▶ Assignment
Below is the data. Give it again, complete and exact.
++++ Given data ++++
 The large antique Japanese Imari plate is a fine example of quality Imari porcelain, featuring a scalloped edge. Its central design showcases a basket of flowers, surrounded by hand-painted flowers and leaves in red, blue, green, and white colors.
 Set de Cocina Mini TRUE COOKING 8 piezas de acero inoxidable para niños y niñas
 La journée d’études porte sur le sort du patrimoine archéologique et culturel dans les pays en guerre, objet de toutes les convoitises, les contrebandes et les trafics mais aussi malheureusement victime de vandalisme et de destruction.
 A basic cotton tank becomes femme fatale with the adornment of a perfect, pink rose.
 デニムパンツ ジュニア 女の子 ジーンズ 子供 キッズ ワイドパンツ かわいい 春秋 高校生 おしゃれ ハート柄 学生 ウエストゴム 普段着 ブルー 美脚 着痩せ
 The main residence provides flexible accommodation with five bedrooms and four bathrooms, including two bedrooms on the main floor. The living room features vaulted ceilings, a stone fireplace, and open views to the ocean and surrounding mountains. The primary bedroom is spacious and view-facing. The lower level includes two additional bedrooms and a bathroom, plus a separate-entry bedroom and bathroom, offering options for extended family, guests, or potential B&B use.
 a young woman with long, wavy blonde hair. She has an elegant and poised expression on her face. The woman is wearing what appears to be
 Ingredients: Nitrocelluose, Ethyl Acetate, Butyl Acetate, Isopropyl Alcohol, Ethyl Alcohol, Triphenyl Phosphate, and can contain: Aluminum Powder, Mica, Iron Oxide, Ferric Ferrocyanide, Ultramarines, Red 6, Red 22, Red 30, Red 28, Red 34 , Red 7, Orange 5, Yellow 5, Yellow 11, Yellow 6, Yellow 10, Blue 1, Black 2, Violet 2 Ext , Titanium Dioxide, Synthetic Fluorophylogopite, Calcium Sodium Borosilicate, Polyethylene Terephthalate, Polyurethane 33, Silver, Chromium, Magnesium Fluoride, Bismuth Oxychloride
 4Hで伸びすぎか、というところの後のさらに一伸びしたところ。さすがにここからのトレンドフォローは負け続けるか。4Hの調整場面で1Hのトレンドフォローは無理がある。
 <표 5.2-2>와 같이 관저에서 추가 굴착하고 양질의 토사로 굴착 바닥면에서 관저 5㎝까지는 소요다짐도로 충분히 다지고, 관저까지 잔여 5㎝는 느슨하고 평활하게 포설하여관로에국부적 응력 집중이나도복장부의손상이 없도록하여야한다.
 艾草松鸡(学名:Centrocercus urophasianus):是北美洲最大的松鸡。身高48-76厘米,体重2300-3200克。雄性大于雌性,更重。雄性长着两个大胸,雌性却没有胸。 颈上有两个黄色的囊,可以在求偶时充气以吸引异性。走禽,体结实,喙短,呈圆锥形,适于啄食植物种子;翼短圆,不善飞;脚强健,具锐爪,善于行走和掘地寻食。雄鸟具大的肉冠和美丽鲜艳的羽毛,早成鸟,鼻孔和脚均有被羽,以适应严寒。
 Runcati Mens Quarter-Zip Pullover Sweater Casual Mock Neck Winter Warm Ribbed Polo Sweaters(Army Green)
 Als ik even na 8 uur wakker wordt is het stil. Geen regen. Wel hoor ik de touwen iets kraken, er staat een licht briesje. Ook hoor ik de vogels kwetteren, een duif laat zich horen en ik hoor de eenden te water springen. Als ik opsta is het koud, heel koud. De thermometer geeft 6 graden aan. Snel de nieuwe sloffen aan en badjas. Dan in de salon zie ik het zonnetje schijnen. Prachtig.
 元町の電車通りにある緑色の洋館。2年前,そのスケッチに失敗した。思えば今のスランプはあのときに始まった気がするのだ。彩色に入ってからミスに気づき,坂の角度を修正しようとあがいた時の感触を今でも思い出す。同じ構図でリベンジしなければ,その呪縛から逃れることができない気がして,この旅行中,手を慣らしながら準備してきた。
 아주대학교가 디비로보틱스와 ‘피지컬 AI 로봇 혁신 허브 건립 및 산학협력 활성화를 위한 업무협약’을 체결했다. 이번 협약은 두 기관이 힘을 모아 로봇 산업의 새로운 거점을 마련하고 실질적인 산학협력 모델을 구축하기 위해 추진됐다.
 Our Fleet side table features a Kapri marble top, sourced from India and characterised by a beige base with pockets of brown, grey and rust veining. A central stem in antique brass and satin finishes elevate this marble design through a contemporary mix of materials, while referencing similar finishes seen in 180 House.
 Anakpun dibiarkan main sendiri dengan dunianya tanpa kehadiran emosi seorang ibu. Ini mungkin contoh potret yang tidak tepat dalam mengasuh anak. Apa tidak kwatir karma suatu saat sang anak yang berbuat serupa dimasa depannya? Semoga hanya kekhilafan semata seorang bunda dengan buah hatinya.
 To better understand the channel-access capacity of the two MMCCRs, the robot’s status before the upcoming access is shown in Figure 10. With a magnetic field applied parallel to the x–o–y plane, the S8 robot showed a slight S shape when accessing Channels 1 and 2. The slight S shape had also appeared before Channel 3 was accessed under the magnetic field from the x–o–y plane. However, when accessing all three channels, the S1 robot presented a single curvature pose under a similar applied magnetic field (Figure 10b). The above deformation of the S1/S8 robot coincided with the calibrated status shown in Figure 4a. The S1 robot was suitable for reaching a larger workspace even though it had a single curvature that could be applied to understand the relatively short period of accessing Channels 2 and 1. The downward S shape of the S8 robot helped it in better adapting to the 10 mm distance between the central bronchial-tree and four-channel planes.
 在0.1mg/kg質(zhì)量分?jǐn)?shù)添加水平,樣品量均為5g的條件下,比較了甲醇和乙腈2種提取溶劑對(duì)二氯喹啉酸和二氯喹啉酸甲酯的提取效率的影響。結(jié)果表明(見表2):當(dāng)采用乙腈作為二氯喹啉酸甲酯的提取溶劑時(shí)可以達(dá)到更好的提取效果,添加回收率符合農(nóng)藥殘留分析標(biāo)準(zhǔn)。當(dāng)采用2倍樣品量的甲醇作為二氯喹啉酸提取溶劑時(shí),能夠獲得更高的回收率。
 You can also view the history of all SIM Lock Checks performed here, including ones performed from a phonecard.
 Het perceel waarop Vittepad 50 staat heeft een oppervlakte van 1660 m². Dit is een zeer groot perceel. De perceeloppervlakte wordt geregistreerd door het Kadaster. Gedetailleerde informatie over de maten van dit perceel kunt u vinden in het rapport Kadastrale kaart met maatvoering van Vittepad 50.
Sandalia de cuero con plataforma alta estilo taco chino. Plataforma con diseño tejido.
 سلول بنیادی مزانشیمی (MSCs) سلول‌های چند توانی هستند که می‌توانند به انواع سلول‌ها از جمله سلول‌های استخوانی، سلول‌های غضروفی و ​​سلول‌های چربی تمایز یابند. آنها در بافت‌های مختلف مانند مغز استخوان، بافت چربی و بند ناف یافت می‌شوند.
++++
▶ Solution to this exercise
 The large antique Japanese Imari plate is a fine example of quality Imari porcelain, featuring a scalloped edge. Its central design showcases a basket of flowers, surrounded by hand-painted flowers and leaves in red, blue, green, and white colors.
 Set de Cocina Mini TRUE COOKING 8 piezas de acero inoxidable para niños y niñas
 La journée d’études porte sur le sort du patrimoine archéologique et culturel dans les pays en guerre, objet de toutes les convoitises, les contrebandes et les trafics mais aussi malheureusement victime de vandalisme et de destruction.
 A basic cotton tank becomes femme fatale with the adornment of a perfect, pink rose.
 デニムパンツ ジュニア 女の子 ジーンズ 子供 キッズ ワイドパンツ かわいい 春秋 高校生 おしゃれ ハート柄 学生 ウエストゴム 普段着 ブルー 美脚 着痩せ
 The main residence provides flexible accommodation with five bedrooms and four bathrooms, including two bedrooms on the main floor. The living room features vaulted ceilings, a stone fireplace, and open views to the ocean and surrounding mountains. The primary bedroom is spacious and view-facing. The lower level includes two additional bedrooms and a bathroom, plus a separate-entry bedroom and bathroom, offering options for extended family, guests, or potential B&B use.
 a young woman with long, wavy blonde hair. She has an elegant and poised expression on her face. The woman is wearing what appears to be
 Ingredients: Nitrocelluose, Ethyl Acetate, Butyl Acetate, Isopropyl Alcohol, Ethyl Alcohol, Triphenyl Phosphate, and can contain: Aluminum Powder, Mica, Iron Oxide, Ferric Ferrocyanide, Ultramarines, Red 6, Red 22, Red 30, Red 28, Red 34 , Red 7, Orange 5, Yellow 5, Yellow 11, Yellow 6, Yellow 10, Blue 1, Black 2, Violet 2 Ext , Titanium Dioxide, Synthetic Fluorophylogopite, Calcium Sodium Borosilicate, Polyethylene Terephthalate, Polyurethane 33, Silver, Chromium, Magnesium Fluoride, Bismuth Oxychloride
 4Hで伸びすぎか、というところの後のさらに一伸びしたところ。さすがにここからのトレンドフォローは負け続けるか。4Hの調整場面で1Hのトレンドフォローは無理がある。
 <표 5.2-2>와 같이 관저에서 추가 굴착하고 양질의 토사로 굴착 바닥면에서 관저 5㎝까지는 소요다짐도로 충분히 다지고, 관저까지 잔여 5㎝는 느슨하고 평활하게 포설하여관로에국부적 응력 집중이나도복장부의손상이 없도록하여야한다.
 艾草松鸡(学名:Centrocercus urophasianus):是北美洲最大的松鸡。身高48-76厘米,体重2300-3200克。雄性大于雌性,更重。雄性长着两个大胸,雌性却没有胸。 颈上有两个黄色的囊,可以在求偶时充气以吸引异性。走禽,体结实,喙短,呈圆锥形,适于啄食植物种子;翼短圆,不善飞;脚强健,具锐爪,善于行走和掘地寻食。雄鸟具大的肉冠和美丽鲜艳的羽毛,早成鸟,鼻孔和脚均有被羽,以适应严寒。
 Runcati Mens Quarter-Zip Pullover Sweater Casual Mock Neck Winter Warm Ribbed Polo Sweaters(Army Green)
 Als ik even na 8 uur wakker wordt is het stil. Geen regen. Wel hoor ik de touwen iets kraken, er staat een licht briesje. Ook hoor ik de vogels kwetteren, een duif laat zich horen en ik hoor de eenden te water springen. Als ik opsta is het koud, heel koud. De thermometer geeft 6 graden aan. Snel de nieuwe sloffen aan en badjas. Dan in de salon zie ik het zonnetje schijnen. Prachtig.
 元町の電車通りにある緑色の洋館。2年前,そのスケッチに失敗した。思えば今のスランプはあのときに始まった気がするのだ。彩色に入ってからミスに気づき,坂の角度を修正しようとあがいた時の感触を今でも思い出す。同じ構図でリベンジしなければ,その呪縛から逃れることができない気がして,この旅行中,手を慣らしながら準備してきた。
 아주대학교가 디비로보틱스와 ‘피지컬 AI 로봇 혁신 허브 건립 및 산학협력 활성화를 위한 업무협약’을 체결했다. 이번 협약은 두 기관이 힘을 모아 로봇 산업의 새로운 거점을 마련하고 실질적인 산학협력 모델을 구축하기 위해 추진됐다.
 Our Fleet side table features a Kapri marble top, sourced from India and characterised by a beige base with pockets of brown, grey and rust veining. A central stem in antique brass and satin finishes elevate this marble design through a contemporary mix of materials, while referencing similar finishes seen in 180 House.
 Anakpun dibiarkan main sendiri dengan dunianya tanpa kehadiran emosi seorang ibu. Ini mungkin contoh potret yang tidak tepat dalam mengasuh anak. Apa tidak kwatir karma suatu saat sang anak yang berbuat serupa dimasa depannya? Semoga hanya kekhilafan semata seorang bunda dengan buah hatinya.
 To better understand the channel-access capacity of the two MMCCRs, the robot’s status before the upcoming access is shown in Figure 10. With a magnetic field applied parallel to the x–o–y plane, the S8 robot showed a slight S shape when accessing Channels 1 and 2. The slight S shape had also appeared before Channel 3 was accessed under the magnetic field from the x–o–y plane. However, when accessing all three channels, the S1 robot presented a single curvature pose under a similar applied magnetic field (Figure 10b). The above deformation of the S1/S8 robot coincided with the calibrated status shown in Figure 4a. The S1 robot was suitable for reaching a larger workspace even though it had a single curvature that could be applied to understand the relatively short period of accessing Channels 2 and 1. The downward S shape of the S8 robot helped it in better adapting to the 10 mm distance between the central bronchial-tree and four-channel planes.
 在0.1mg/kg質(zhì)量分?jǐn)?shù)添加水平,樣品量均為5g的條件下,比較了甲醇和乙腈2種提取溶劑對(duì)二氯喹啉酸和二氯喹啉酸甲酯的提取效率的影響。結(jié)果表明(見表2):當(dāng)采用乙腈作為二氯喹啉酸甲酯的提取溶劑時(shí)可以達(dá)到更好的提取效果,添加回收率符合農(nóng)藥殘留分析標(biāo)準(zhǔn)。當(dāng)采用2倍樣品量的甲醇作為二氯喹啉酸提取溶劑時(shí),能夠獲得更高的回收率。
 You can also view the history of all SIM Lock Checks performed here, including ones performed from a phonecard.
 Het perceel waarop Vittepad 50 staat heeft een oppervlakte van 1660 m². Dit is een zeer groot perceel. De perceeloppervlakte wordt geregistreerd door het Kadaster. Gedetailleerde informatie over de maten van dit perceel kunt u vinden in het rapport Kadastrale kaart met maatvoering van Vittepad 50.
Sandalia de cuero con plataforma alta estilo taco chino. Plataforma con diseño tejido.
 سلول بنیادی مزانشیمی (MSCs) سلول‌های چند توانی هستند که می‌توانند به انواع سلول‌ها از جمله سلول‌های استخوانی، سلول‌های غضروفی و ​​سلول‌های چربی تمایز یابند. آنها در بافت‌های مختلف مانند مغز استخوان، بافت چربی و بند ناف یافت می‌شوند.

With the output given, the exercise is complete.